3. Speech-to-Intelligence

A complete voice pipeline — speak naturally, get AI responses read back to you:

Voice Activity Detection (Silero VAD v5) — Detects when you start and stop talking
Speech-to-Text (Whisper Tiny) — Transcribes your speech in real time
Language Model — Generates concise responses to what you said
Text-to-Speech (Piper TTS) — Reads the response back with natural voice
Auto-restart Listening — Continuous conversation without re-tapping
Silence Detection — Waits 2.5s after you pause, accumulates multiple segments
Built-in Diagnostics — Test mic access, model status, and pipeline health

4. Vision Engine

Grant AI optical access to your camera:

Snapshot Mode — Capture a single frame and describe it
Continuous Mode — Live feed analysis every 2.5 seconds
Smart Frame Diffing — Skips identical frames to save compute
Custom Prompts — Ask anything: "Read the text", "Count the objects", "Describe the scene"
WASM Crash Recovery — Automatic VLM worker restart with exponential backoff
Built-in Diagnostics — Verify camera, model, worker bridge, SharedArrayBuffer

5. Tool Pipeline Explorer

An interactive sandbox for testing function-calling AI:

Pre-loaded demo tools (weather, calculator, time, random number)
Visual execution trace showing tool calls, results, and final output
Register custom tools with typed parameters at runtime
Auto-execute toggle for hands-free pipeline runs

6. Model Manager

Full control over your on-device model library:

View all models grouped by category (LLM, VLM, STT, TTS, VAD)
Download, load, unload, and delete models individually
Import local models — Drag-and-drop .gguf, .onnx, or .tar.gz files
Real-time download progress with percentage tracking
Storage usage dashboard (used / available OPFS space)

Architecture

Browser Tab
├── React UI (Glassmorphic shell with Tailwind CSS v4)
│   ├── Sidebar Navigation (5 tools + settings)
│   ├── Agent Brain Panel (live pipeline debugger)
│   └── Settings Panel (theme, accent color, background)
│
├── RunAnywhere SDK Core (TypeScript, no WASM)
│   ├── ModelManager (download, cache, load orchestration)
│   ├── EventBus (cross-component communication)
│   ├── AudioCapture / VideoCapture (media APIs)
│   └── VoicePipeline (STT → LLM → TTS orchestrator)
│
├── LlamaCPP Backend (WASM)
│   ├── LLM inference (LFM2 1.2B Tool / 350M)
│   ├── VLM inference via Web Worker (LFM2-VL 450M)
│   ├── Tool calling engine
│   └── WebGPU acceleration (auto-detected)
│
└── ONNX Backend (sherpa-onnx WASM)
    ├── STT (Whisper Tiny English)
    ├── TTS (Piper Lessac Medium)
    └── VAD (Silero v5)

All models are cached in the browser's Origin Private File System (OPFS) — a persistent, sandboxed storage layer. First download pulls from HuggingFace; subsequent loads are instant from cache.

Models

Model	Category	Size	Purpose
LFM2 1.2B Tool Q4_K_M	LLM	~800 MB	Research agent, tool calling, chat
LFM2 350M Q4_K_M	LLM	~250 MB	Fast chat fallback
LFM2-VL 450M Q4_0	VLM	~500 MB	Vision + language (camera analysis)
Whisper Tiny English	STT	~105 MB	Speech recognition
Piper Lessac Medium	TTS	~65 MB	Voice synthesis
Silero VAD v5	VAD	~5 MB	Voice activity detection

All models are quantized for efficient browser execution. Import your own .gguf or .onnx models through the Model Manager.

Quick Start

git clone https://github.com/ayushap18/Potency-AI.git
cd Potency-AI
npm install
npm run dev

Open http://localhost:5173 in Chrome or Edge.

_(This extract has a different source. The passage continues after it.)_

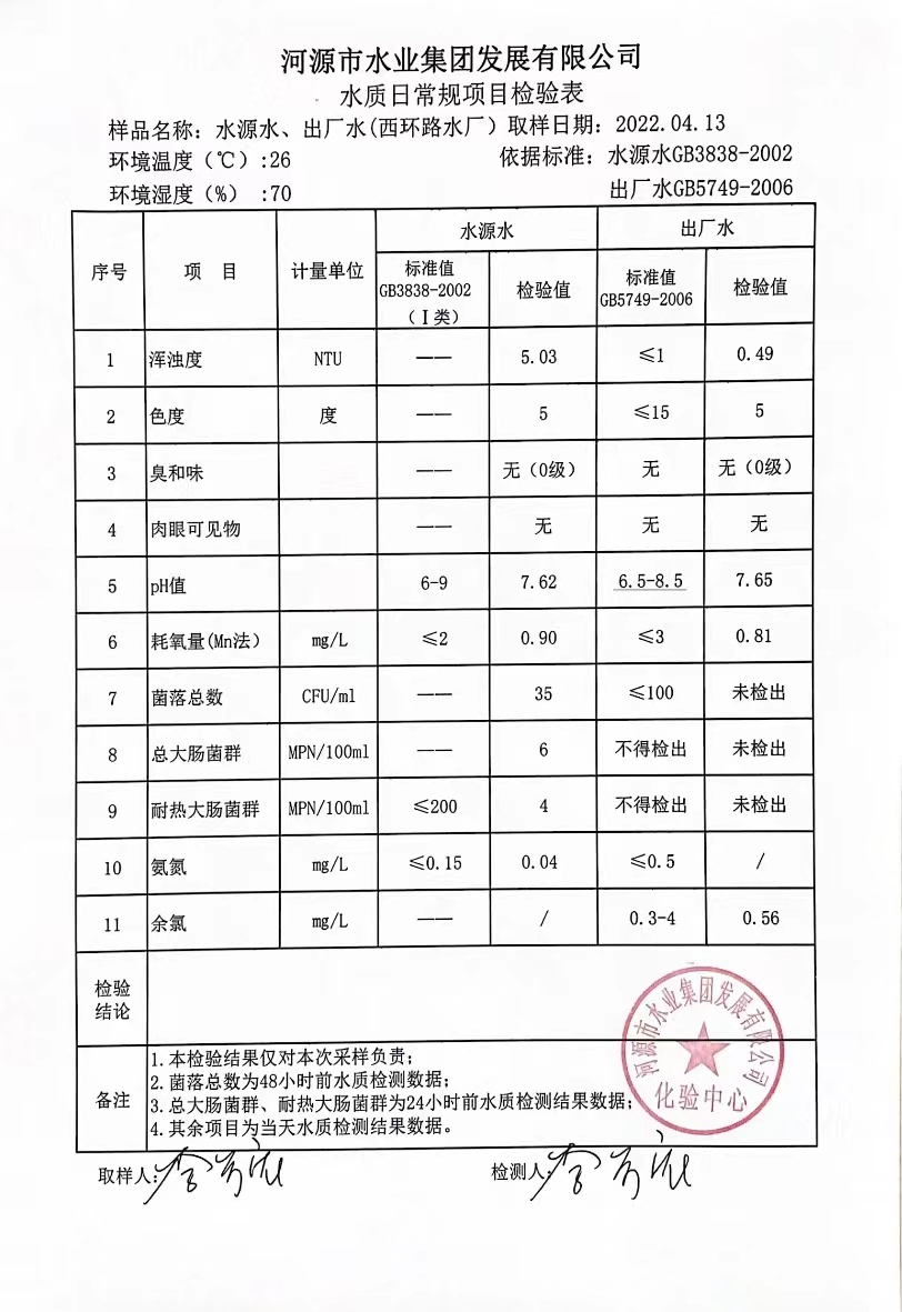 2022年4月13日水質(zhì)檢驗(yàn)報告
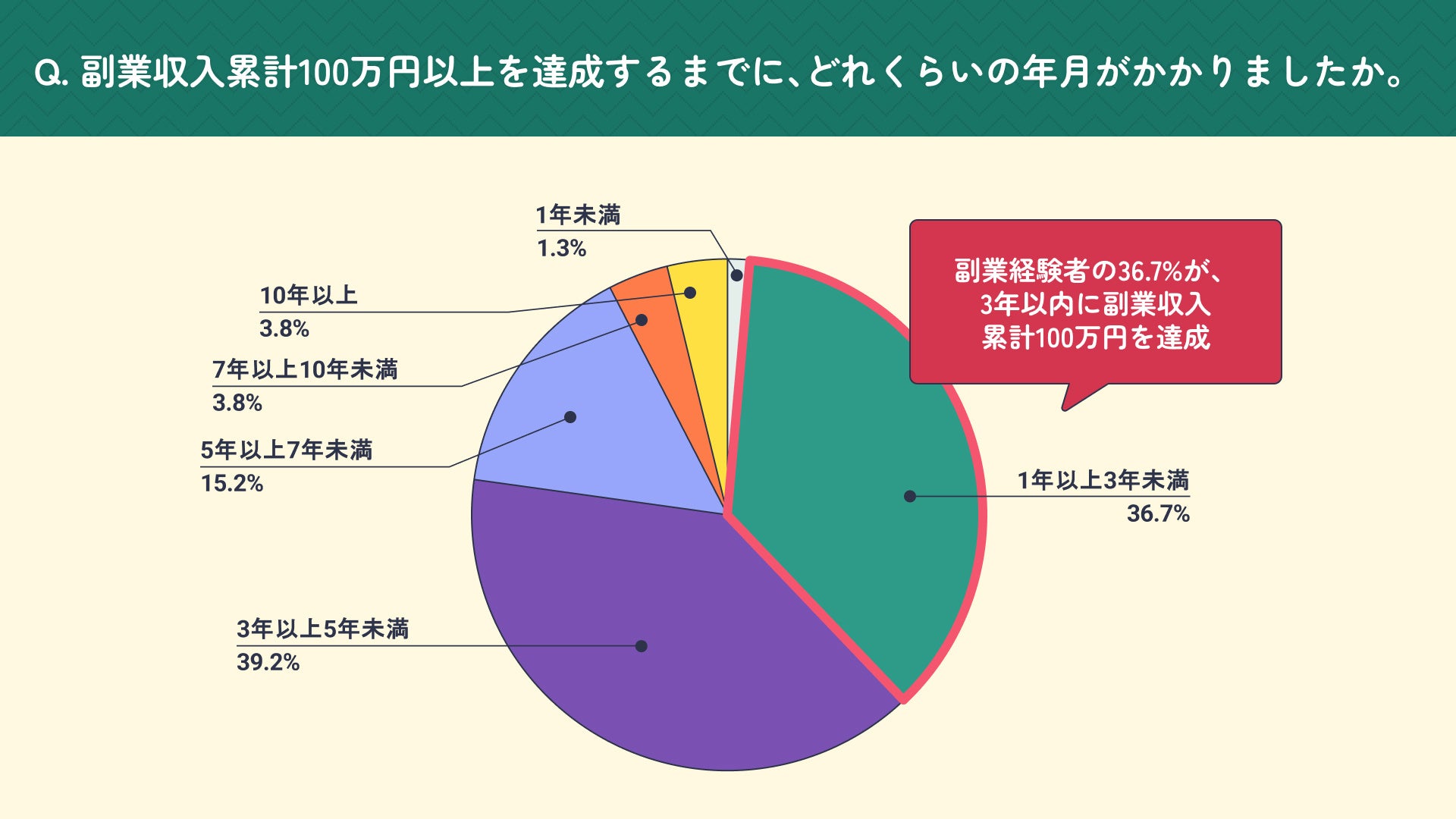 また、副業で得た収入累計金額100万円以上を達成するまでの期間について尋ねたところ、「3年以上5年未満」が最多の39.2%となり、次いで「1年以上3年未満」が36.7%という結果になりました。

Models download automatically the first time you use each tool. Subsequent visits load from browser cache.

Production Build

npm run build
npm run preview

The build output in dist/ includes all WASM binaries and can be deployed to any static host that supports the required security headers.

Browser Requirements

Potency AI requires modern browser capabilities for on-device neural inference:

Requirement	Why
Chrome 120+ or Edge 120+	WebGPU and WASM SIMD support
SharedArrayBuffer	Multi-threaded WASM execution
Cross-Origin Isolation	Required for SharedArrayBuffer
OPFS	Persistent model storage
WebGPU (optional)	2-4x faster inference when available

The Vite dev server automatically sets the required Cross-Origin-Opener-Policy and Cross-Origin-Embedder-Policy headers.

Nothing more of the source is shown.